Comcast spokeswoman Kristie Fox called 1.2 terabytes “a massive amount of data” and said “a very small percentage” of customers are expected to exceed the cap, which she said the company has instituted for years in other regions of the country.

Comcast announced Wednesday that it would extend its initial three-month grace period to allow customers to adjust to the data cap, which debuted Jan. 1. Customers will not see any extra charges for exceeding the cap until their August bill, Fox said.

“Most of our customers will not be impacted by this, and there’s ample time for customers to understand their usage and look at the unlimited data options if they do find themselves going over 1.2 terabytes,” Fox said.

But the Baltimore councilmen and Digital Equity Coalition noted a recent statement by Tony Werner, Comcast’s president of technology, that rising internet usage from remote working, learning and entertainment “has all been within the capability of the network.”

“If the pandemic related surges in data usage, which were up 32% in March, are within the capability of the network, then there is no reason for the looming data cap policy,” they wrote.

Fox declined to elaborate on the specific reasons for the timing of the policy change, but she said Comcast “definitely took pandemic usage into account.”

Under the data cap, customers without an unlimited plan will be charged $10 plus tax for every 50 gigabytes beyond the new threshold, up to a monthly max of $100, the company has said.

While pricing on plans varies, customers with their own modem and router can join an unlimited data plan for $30 a month, according to the company. Customers who lease an Xfinity modem can get unlimited data, plus some other features, for $11 more a month.

About 96,000 households in Baltimore lack wired broadband service, and an additional 52,000 do not have broadband of any type, the councilmen and coalition said. Half of non-broadband subscribers cited high prices as the reason they lack service, they wrote, citing a 2019 Pew Research Survey.

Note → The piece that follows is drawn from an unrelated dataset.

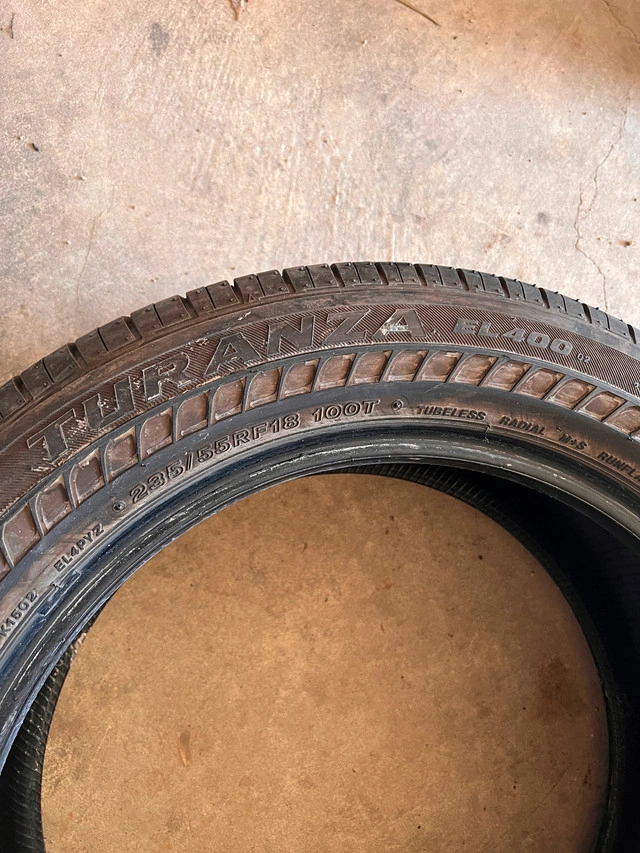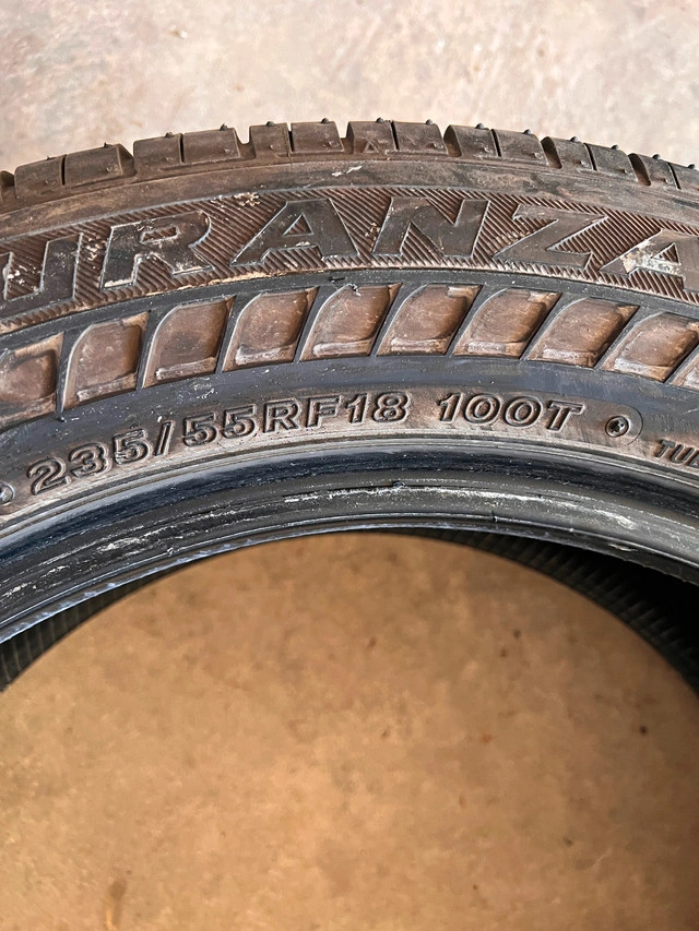 73For sale in good condition 1 runflat tire Bridgestone Turanza EL400 - 235/55/18 100T. No crack, no damage. Came off 2021 Toyota Sienna. Tire had 1 patched, no leak. Tread on tire 9/32” (87%).

“Our most vulnerable residents should not be faced with further threats to their economic livelihood,” they wrote. “We must protect the households that currently subscribe to this vital utility and also to ensure that those most impacted by the pandemic, Black and Latinx households, do not bear the brunt of capricious fees.”

Tia Price, director of the Baltimore Digital Equity Coalition, accused Comcast of “monetizing off of the pandemic” and noted that 5% of customers — the number Comcast said initially would be affected — equals about one in every 20 Baltimore households.

The Comcast spokeswoman, who backed off the 5% figure Wednesday, declined to provide an updated estimate of how many households would likely hit the cap.

“I see this as one step closer to charging people more money,” Price said in an interview. “If we don’t start to watch when these incremental changes happen, where are we going to be a year or two years from now?”